Agama kehilangan wibawa ketika ia dipaksa mengikuti selera pasar. Padahal agama bukan barang dagangan. Ia bukan produk yang harus dibungkus dengan humor agar laku. Agama adalah napas panjang yang melatih kesabaran, mendidik keteguhan, dan mengajarkan manusia untuk tahan terhadap luka.

Kementerian Agama, tempat kita bernaung, jangan sampai kehilangan ruh agamanya. Ia bukan sekadar kantor dengan daftar hadir, rapat, dan laporan formal. Seharusnya ia menjadi jantung yang memompa darah spiritual bagi masyarakat. Betapa ironis bila kementerian ini sibuk dengan administrasi, tapi melupakan inti dari namanya sendiri: agama.

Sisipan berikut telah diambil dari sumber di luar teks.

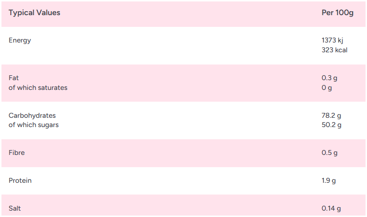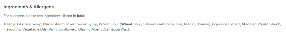 Treacle, Glucose Syrup, Maize Starch, Invert Sugar Syrup, Wheat Flour (Wheat flour, Calcium carbonate, Iron, Niacin, Thiamin), Liquorice Extract, Modified Potato Starch, Flavouring, Vegetable Oils (Palm, Sunflower), Glazing Agent (Carnauba Wax).

Bayangkan bila suatu hari Kementerian Agama hanya tinggal kantor dingin, penuh tanda tangan dan arsip, tapi kosong dari dzikir. Betapa ganjil, bila kementerian yang bernama “agama” justru kehilangan agama.

Kita butuh ruang-ruang seperti pengajian sederhana ini. Ruang yang kadang ada karena “darurat penceramah”. Namun justru dari kesederhanaan itu kita belajar melihat wajah satu sama lain, menyapa, meneguhkan iman. Di ruang sederhana itu, cicilan terasa lebih ringan, kesulitan rumah tangga lebih bisa ditanggung, dan doa-doa naik seperti asap tipis menuju langit. Logika Allah selalu lebih besar dari logika kita. Tugas kita bukan sekadar menghafal, tetapi menjadikannya jalan hidup.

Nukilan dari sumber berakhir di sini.